▶ [Requirement] Using the records that follow, reproduce exactly the lines starting at the line containing "Bring warmth, comfort, and" and ending at the line containing "Borella sunken road". Include both end lines and no pictures.

▶ [Data for the task]
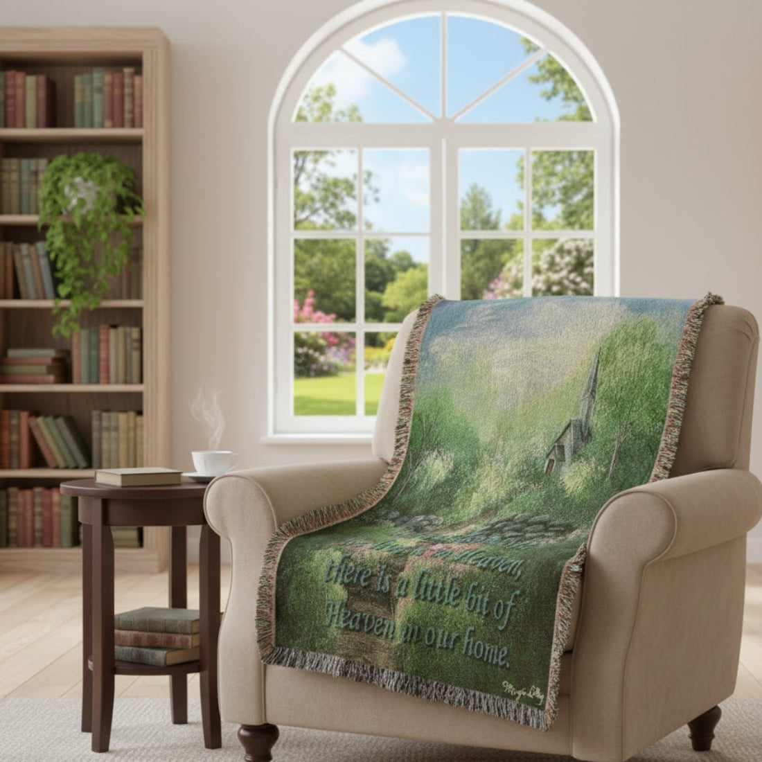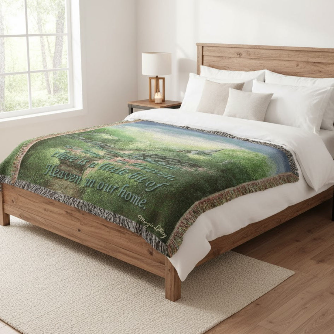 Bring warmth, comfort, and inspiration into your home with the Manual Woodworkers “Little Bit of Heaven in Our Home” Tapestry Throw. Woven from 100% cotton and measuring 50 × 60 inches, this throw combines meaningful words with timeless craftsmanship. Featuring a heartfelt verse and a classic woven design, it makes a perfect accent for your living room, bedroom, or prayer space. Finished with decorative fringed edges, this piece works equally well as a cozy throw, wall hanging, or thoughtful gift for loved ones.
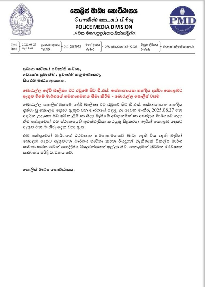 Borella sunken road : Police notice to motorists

...

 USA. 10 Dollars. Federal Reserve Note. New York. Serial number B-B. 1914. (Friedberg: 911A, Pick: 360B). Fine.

▶ [Written answer]
 Bring warmth, comfort, and inspiration into your home with the Manual Woodworkers “Little Bit of Heaven in Our Home” Tapestry Throw. Woven from 100% cotton and measuring 50 × 60 inches, this throw combines meaningful words with timeless craftsmanship. Featuring a heartfelt verse and a classic woven design, it makes a perfect accent for your living room, bedroom, or prayer space. Finished with decorative fringed edges, this piece works equally well as a cozy throw, wall hanging, or thoughtful gift for loved ones.
 Borella sunken road : Police notice to motorists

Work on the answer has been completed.